Читаем Дарвиновская революция полностью

Но, если не принимать в расчет человека, на антиэволюционную позицию Лайеля повлияла – причем в гораздо более широком смысле, чем обычно принято считать, – естественная религия. Лайель прочно держался за традиционный довод из арсенала божественного замысла, как это ясно видно из его бесконечных комментариев, разбросанных на страницах его «Принципов». Действительно, он заходит так далеко, что выдвигает предположение (в истинно британском духе), что инстинкты, которыми наделена собака, были даны ей в первую очередь на пользу и на благо человека и уже во вторую – на благо самой собаки, которая в лице человека обрела хозяина-покровителя (Лайель, 1830–1833, 2:44).

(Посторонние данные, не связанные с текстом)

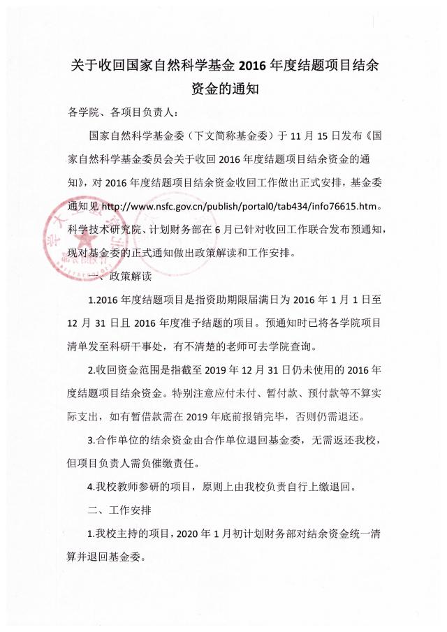 關(guān)于收回國家自然科學(xué)基金2016年度結(jié)題項目結(jié)余資金的通知
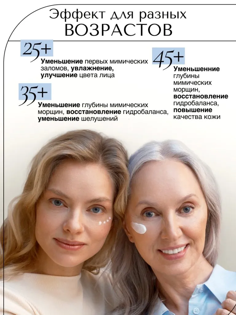 Возрастная кожа истощается и не может самовосполнять себя необходимыми ей веществами, а также удерживать компоненты. Коррекция возможна только при использовании антивозрастного компонента в рабочей дозировке два раза в сутки.
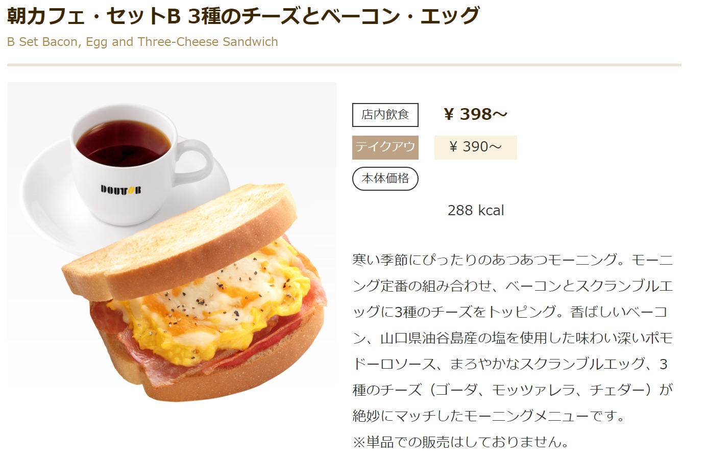 9位:三種のチーズとベーコンエッグサンド(ドトール)
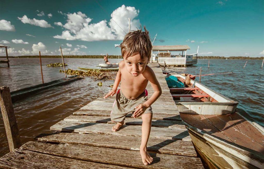 Gustavo na palafita em frente à sua casa, no Rio Canaticu, Ilha de Marajó, Floresta Amazônica. Foto tirada em 12mm com sensor crop da Nikon, resultando em 18mm.
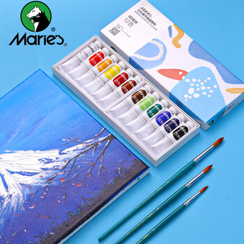 马利(Marie's)丙烯颜料12色12ml盒装墙绘手绘饰品防水不掉色丙烯画颜料丙烯A-812绘画美育工具
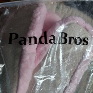 Panda Bros slippers/socks. Women's size Medium. (Shoe size 5-7.5) Cozy warm. Fuzzy lined. Non-slip grip. Pretty in pink with a sweet piggy face.
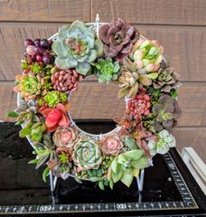 012203多肉植物のリース★特大・21cm★吊り輪っか付き★飾り台付き

Поскольку Лайель так до конца и не определился с вопросом, как именно возникают новые виды, нам трудно здесь сказать что-то определенное, но, учитывая его приверженность божественному замыслу, можно не сомневаться, что подразумеваемые им механизмы образования новых видов в какой-то мере служили отражением этого замысла. Но одним из главных возражений, выдвигаемых современниками Лайеля против эволюционных теорий, подобных ламарковской, было то, что, невзирая на «слепые» законы, они не в состоянии адекватным образом объяснить божественный замысел. Современники чувствовали, что неуправляемые законы ведут к случайному выбору; отсюда и позиция, постулирующая, что такие законы в области биологии просто не применимы, поскольку с их помощью не объяснить сложную адаптацию. Поэтому любая позиция, в основе которой лежат подобные законы, должна с теологической точки зрения казаться подозрительной, поскольку, отбрасывая адаптацию, отсекаешь и основное доказательство, говорящее в пользу высшего замысла. Разумеется, если слепые законы не противоречат адаптации и согласуются с ней (что весьма сомнительно), необходимость признавать наличие Творца, стоящего за видимой реальностью, уже не кажется столь настоятельной. В самом деле, чтобы объяснить узоры, которые ветер оставляет на песке, совсем не требуется призывать на помощь Творца. (В сущности, если мои прежние замечания оценены должным образом, то законы Ламарка не так уж и слепы, как полагали он сам и другие.)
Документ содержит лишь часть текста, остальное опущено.